In terms of programming, traditional robots run script-based design time solutions, which allow them to perform pre-purposed tasks, but they can nowadays also be linked to other ICT systems (such as an electronic health record or internet-based sources), or to Large Language Models (LLMs) via an Application Programming Interface (API) (27). This allows for interactive dialogues without the need for complete preprogramming. In the present study, we investigate this latter approach, evaluating a social robot that provides patient information in patient dialogues, thus supporting patient communication and information exchange. In this way, it is possible to combine the social features of the robot with the conversational capabilities of LLMs. The use of LLMs like chatGPT to answer patient questions is an emerging field (28, 29). At present, while physicians generally consider AI responses to be accurate (29), patients still tend to prefer consulting doctors for treatment recommendations (28). However, this dynamics may shift with the integration of social presence into LLMs through the use of social robots. To our knowledge, this study is the first to explore the intersection of LLM capabilities with the social features of robots in the context of providing treatment information to OA patients.
Materials and methods
Social robot
We used the social robot “Furhat” (26) and linked it to a Generative Pre-trained Transformer (GPT) LLM (gpt-3.5) via an API using the Furhat Kotlin-based programming framework. To ensure conversational relevance, content accuracy, and to prevent for hallucinations, we limited the scope of the LLM to use only specific dependable medical websites whitelisted by the rheumatology department of the Medisch Spectrum Twente (MST) hospital, Enschede, the Netherlands. These websites contained physician-checked and relevant patient information on treatment options, conditions and disease management of OA. Using direct text search, these whitelisted websites are used according to the used prompt. The prompt is added in Supplementary Material A.

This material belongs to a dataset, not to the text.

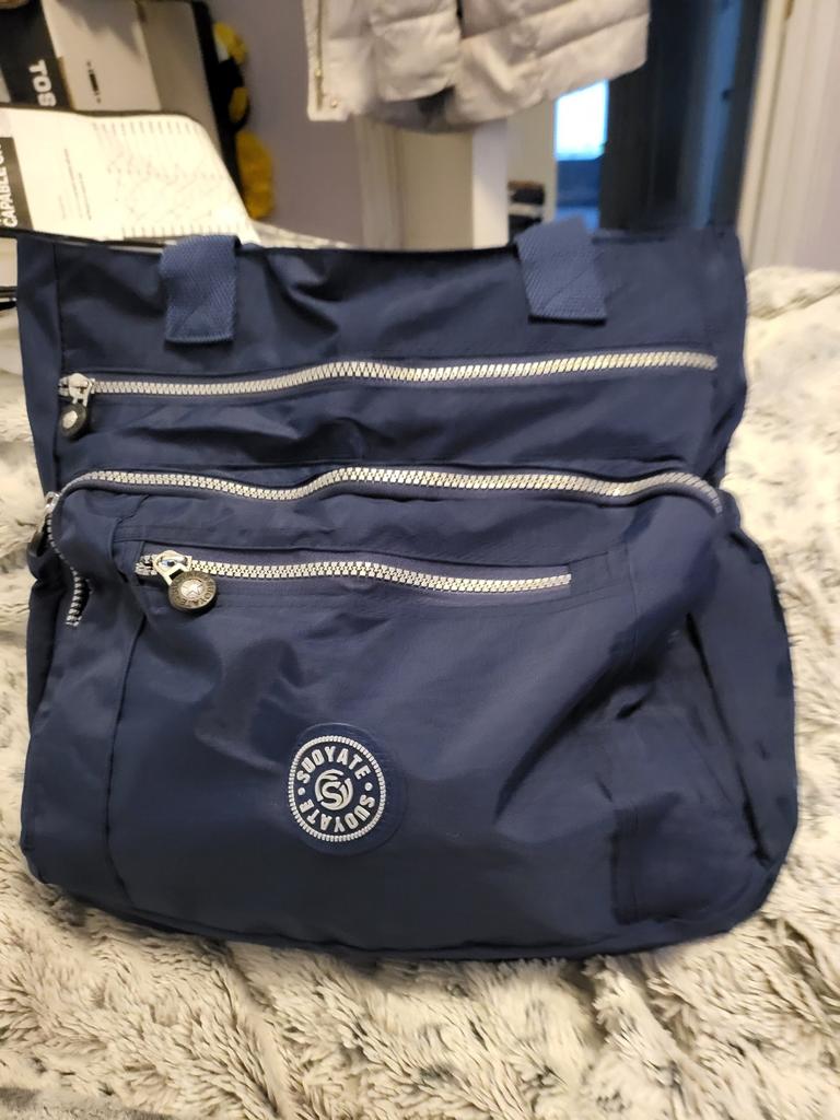 Torebka jest po prostu świetna! Kolor jest ciemnoniebieski, ma wiele kieszeni zapinanych na zamek, wszystkie bardzo duże, rozmiar jest dla mnie idealny, a jakość jest świetna.

The information flow and robot components are shown in Figure 1. It entails that (in this case) a single patient talks to the social robot, after which a speech-to-text (S2T) process is triggered, relying on cloud-based recognition (Microsoft Azure Speech Services). The resulting text-string is sent via the API to the GPT, which searches for relevant answers within the whitelisted web-based data sources detailed in Supplementary Material A. The returned answer is spoken out by the robot utilizing its text-to-speech (T2S, based on Amazon Polly speech synthesis services) and Furhat lip-sync speech services.
Figure 1
In addition, using a basic emotional state recognition feature running on top of the person-tracking built-in camera feed within the robot, and mirroring the recognized emotion, the robot is able to track the patient's face and be triggered to convey the same basic emotion (anger, disgust, fear, happiness, sadness and surprise) as seen in the patient while talking, listening, or waiting, for better personalization. This behaviour allows for non-deterministic and more rich user interactions. The robot could potentially distinguish among multiple users and track the latest speaker, but in this study these features were not utilized.
Experiments
First, a lab-based pilot study was performed at the Behavioural, Management and Social sciences (BMS) lab at the University of Twente, Enschede, the Netherlands, to assess the task performance and user experience of utilizing the social robot as a communication device for medical conversational purposes.
Twenty participants were enrolled to enter in a short simulation dialogue with the social robot on medication adherence, after which the User Experience Questionnaire (UEQ, 30) was filled in. The UEQ is an end-user questionnaire to measure user experience quickly in a simple and immediate way, while covering a comprehensive impression. It uses a seven-stage scale to reduce the well-known central tendency bias for such types of items, e.g., attractive—unattractive. The scale combines both ergonomic (e.g., goal or task orientation of interface) and hedonic (e.g., design originality, aesthetics of interface) aspects. UEQ is frequently used for the assessment of social robots and, together with post-hoc semi-structured interviews, it represents a suitable method for the nature of this study (10, 31, 44).
As a second step, feasibility was tested in actual clinical practice.
Patients visiting the outpatient rheumatology department at Medisch Spectrum Twente (MST) hospital in Enschede (The Netherlands) with either a new or an established diagnosis of osteoarthritis (OA), as well as their HCPs, were invited to interact with the social robot and to evaluate their interaction. The interaction was guided by a delineated list of potential conversation topics.
This list of questions was defined together with the treating rheumatologists.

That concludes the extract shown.